§ Description of the task: In the listing that follows, find the line with "答:节目时间短的重要原因也是", then copy exactly from it through the line with "大會由公司副總經理姜作棟先生", leaving out every picture.
** Task material follows **
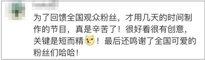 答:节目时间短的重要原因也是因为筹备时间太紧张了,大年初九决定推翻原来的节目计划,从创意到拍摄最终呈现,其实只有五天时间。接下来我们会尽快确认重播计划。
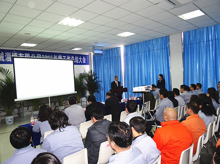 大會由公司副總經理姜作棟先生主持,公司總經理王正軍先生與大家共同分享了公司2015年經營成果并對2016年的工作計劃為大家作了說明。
** End of Task material **
** Task material follows **
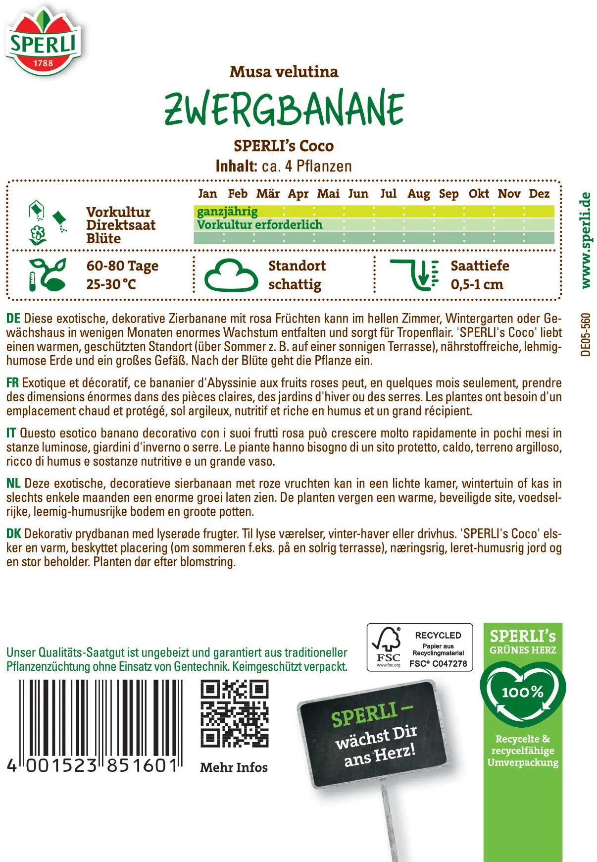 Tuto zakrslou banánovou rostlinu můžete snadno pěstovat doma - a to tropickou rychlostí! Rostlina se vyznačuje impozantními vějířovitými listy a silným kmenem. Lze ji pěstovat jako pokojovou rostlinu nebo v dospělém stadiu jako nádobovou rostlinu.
** End of Task material **
§ Exercise solution:
 答:节目时间短的重要原因也是因为筹备时间太紧张了,大年初九决定推翻原来的节目计划,从创意到拍摄最终呈现,其实只有五天时间。接下来我们会尽快确认重播计划。
 大會由公司副總經理姜作棟先生主持,公司總經理王正軍先生與大家共同分享了公司2015年經營成果并對2016年的工作計劃為大家作了說明。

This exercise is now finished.